After a serious bike accident, Nila is admitted to the hospital. Raja discovers he is now a ghost and died in the bike accident. Afterwards, Raja meets Chellappa (Manivannan), another ghost, who reveals to him that a ghost can be seen and can interact with a human only if the ghost wants. The loss of her lover makes Nila sad and depressive. She attempts to hang herself, but her family saves her in time. Raja, therefore, visits Vinoth's house and finds paintings of Nila in his room, so he decides to help Vinoth conquer Nila's heart. When Raja meets Vinoth on multiple occasions, Vinoth, afraid of him, ran away from him. One day, Raja tells Vinoth that he wants to help him and gives him good advice to woo Nila. After unsuccessful attempts to woo her, Vinoth completely changes his character and spends time with Nila. Vinoth then makes a marriage proposal to Nila, but she refuses to marry him. Nila considered Vinoth as a friend who wants to make her happy. She also said that she has no feelings for him and he behaves exactly like her deceased boyfriend Raja. Consumed with anger, Vinoth reveals to her that Raja is now a ghost and helped him woo her. Raja appears to Nila's eyes. He tries to convince her to move on and to marry Vinoth, but she categorically refused. Vinoth pushed Nila onto the railway tracks, and she died after being hit by a train. Vinoth explains to Nila, now a ghost, that he wanted her to be happy and that she can now be with her lover. The film ends with Raja and Nila walking hand in hand.

== Production ==
R. Viswanathan produced the film under the banner Bharathan Films, with M. P. S. Sivakumar making his directorial debut. London Ravi and R. Viswanathan's son R. V. Bharathan were cast as the heroes of the film and Miss Gujarat Meghna was chosen to play the female lead role. Manivannan signed to play an important role. Karunas, Manobala, Vennira Aadai Moorthy and Muthukalai were selected to play comedy roles. Dhina composed the musical score of the film and actor Silambarasan has rendered his voice for a Kuthu song. The climax scenes were shot at the same train accident spot that figured in Kamal Haasan's Anbe Sivam (2003). A train was hired for three days for the shooting.

== Soundtrack ==
The film score and the soundtrack were composed by Dhina. Saraswathy Srinivas of Rediff.com gave the album 2.5 out of 5 stars and concluded, "All in all, an okay album".

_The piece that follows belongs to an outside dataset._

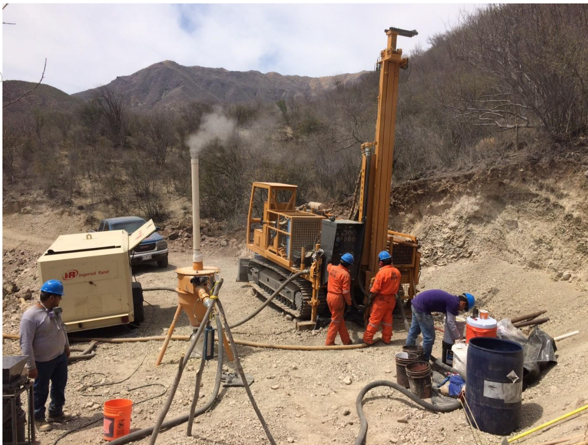
Figure 2 Reverse circulation drilling at the Agua Fria prospect, Mexico. The volcanogenic sediments that host the lithium mineralisation can be clearly seen to the right of the drill rig.

The planned duration of the drilling campaign is 44 days. Laboratory assays will be conducted in Mexico and subjected to quality control and audit procedures developed jointly by LIT and AIX. Metallurgical evaluation will be undertaken by Kappes Cassiday and Associates, in Reno, Nevada.

| Song | Singer(s) | Lyrics | Duration |
| "Darling O Darling" | Gayathri | Na. Muthukumar | 1:43 |
| "En Kadhal Deiva" | Vijay Yesudas | 3:11 |
| "Kadhal Kadhal" | Harish Raghavendra | Pa. Vijay | 4:27 |
| "Maathu Maathu" | Timmy, Suchitra, Dhina | Snehan | 4:44 |
| "Madham Pudicha" | Sunitha Sarathy | Pa. Vijay | 4:13 |
| "Ooria Marandhom" | Hariharan | M. G. Kanniappan | 4:50 |
| "Oyyalae" | Silambarasan, Malathy | Snehan | 3:43 |
| "Unnai Sandhithaen" | Harish Raghavendra, Harini | Na. Muthukumar | 3:50 |

== Reception ==
A reviewer from tamiloviam.com compared the film's similarities to Kadhal Desam (1996) and Japanil Kalyanaraman (1985) and concluded, "If director Sivakumar had concentrated more on the story and the screenplay, Nee Naan Nila would definitely have been an innovative film". Malini Mannath of Chennai Online wrote "It's a debutant's work, and the director has tried to give a different dimension to a love triangle. The narration is at times jerky, and the second half lags." Lajjavathi of Kalki wrote though the concept reminds of serial Kaathu Karuppu and Anbe Aaruyire its entertaining and praised director for narrating a different kind of ghost story.